Allerdings kontrolliert ICE auch den Informationsfluss streng. Die Agentur hat Materialien mit dem Titel „Wie kann ich meinen Chef oder Sheriff davon überzeugen, an 287(g) teilzunehmen?“ veröffentlicht. Dies deutet darauf hin, dass es auf Beamte auf niedrigerer Ebene abzielt, um potenziellen Widerstand von höheren Behörden zu umgehen.

Geheime Vereinbarungen: Haftung und Transparenz

ICE arbeitet im Rahmen von zwei Vertragstypen: öffentlich und privat. Während die öffentliche Version besagt, dass das Justizministerium sie verteidigen „dürfe“, wenn Carroll-Beamte verklagt werden, geht die private Vereinbarung noch weiter. Es verspricht, dass ICE „das DOJ auffordern wird, für die Verteidigung verantwortlich zu sein“, wenn ein Einwanderer Carroll wegen Durchsetzungsmaßnahmen verklagt.
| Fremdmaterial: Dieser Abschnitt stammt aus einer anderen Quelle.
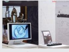
「レイノルズ指数を使った 新感覚スイーツの提案」 鍋谷 結衣
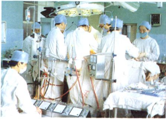
△ 医院从 1986 年起开展了体外循环心内直视手术
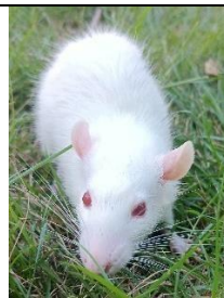
Tikus Putih Jantan
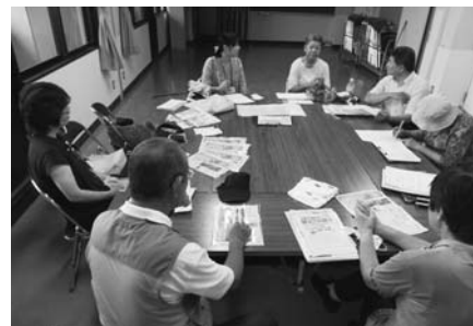
訪問前の打ち合わせ

8月26日、廿日市市四季が丘の組合員訪問を開催しました。組合員4名、組織部4名でペアを組み19軒(対話14件)のお宅を訪問しました。この地域で行う訪問は初めてということで、生協に加入されたきっかけなどもお聞きしたところ、ご家族の入院や健診受診のほか、近所の方に勧められてという方もいらっしゃいました。途中、豪雨に見舞われましたが、手配り協力者が2名、けんこうチャレンジの申し込みが2名という成果があり、みんなニコニコ笑顔で成果を報告していました。
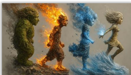
Voll im Element! Die Abenteuer unserer Naturkräfte Faschingsferien
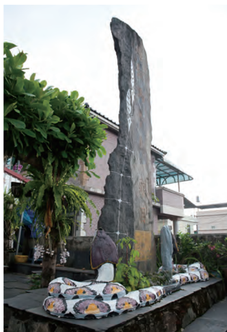
頭目後代的門前造景

相較於其他地區原民部落的社區彩繪，會發現，青葉社區裡街道和家屋外牆的彩繪顯得立體而生動，原因在於其創作的素材或形式，並不限於平面彩繪，還包括石子拼貼、彩磁拼
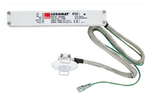
PD9-M-1C-FC Č. zboží: 92900

Pro získání sady podle technické specifikace objednejte uvedené položky.
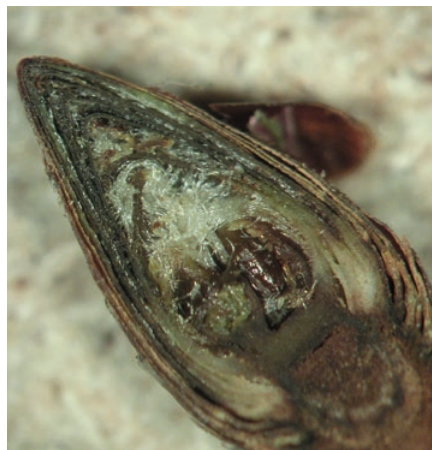
Csak a nagyon erős téli fagy okoz rügykárt a cseresznyében

vény számára, nem játszódnak le szabályosan az élettani folyamatok. Itt tehát a rendszeres talaj- és levélvizsgálatra alapozott, optimális mennyiségeket kijuttató tápanyagpótlásnak van nagy jelentősége. A mikroelemek pótlására is fi-

Dies verlagert die rechtliche Haftung weg von den Kommunalverwaltungen und hin zur Bundesebene.

Die private Vereinbarung schränkt zudem die Transparenz ein. Carroll muss sich mit dem Büro für öffentliche Angelegenheiten der ICE abstimmen, bevor er Informationen an die Medien weitergibt, und alle Anfragen nach Staatsakten werden über das FOIA-Büro der ICE weitergeleitet, das oft mit viel längeren Fristen arbeitet.

Verzögerungen beim öffentlichen Zugang: Eine kalkulierte Strategie

Aufzeichnungen, die im Rahmen des Right-to-Know-Gesetzes von New Hampshire eingeholt wurden, zeigen, dass selbst grundlegende Anfragen mittlerweile eine Koordinierung mit dem DHS auslösen. Als WIRED bei acht Kommunen Anträge einreichte, antwortete ein Polizeileutnant, dass die Abteilung mit dem DHS zusammenarbeiten müsse, bevor sie Aufzeichnungen veröffentlichen könne. Dies ist ein klarer Versuch, die öffentliche Kontrolle zu verlangsamen und zu kontrollieren.

Der Trend ist besorgniserregend, da er eine wachsende finanzielle Verflechtung zwischen den örtlichen Polizeibehörden und der Einwanderungsbehörde des Bundes zeigt. Dies wirft Fragen zur Rechenschaftspflicht, Transparenz und der möglichen Erosion der lokalen Autonomie zugunsten einer föderalen Kontrolle auf.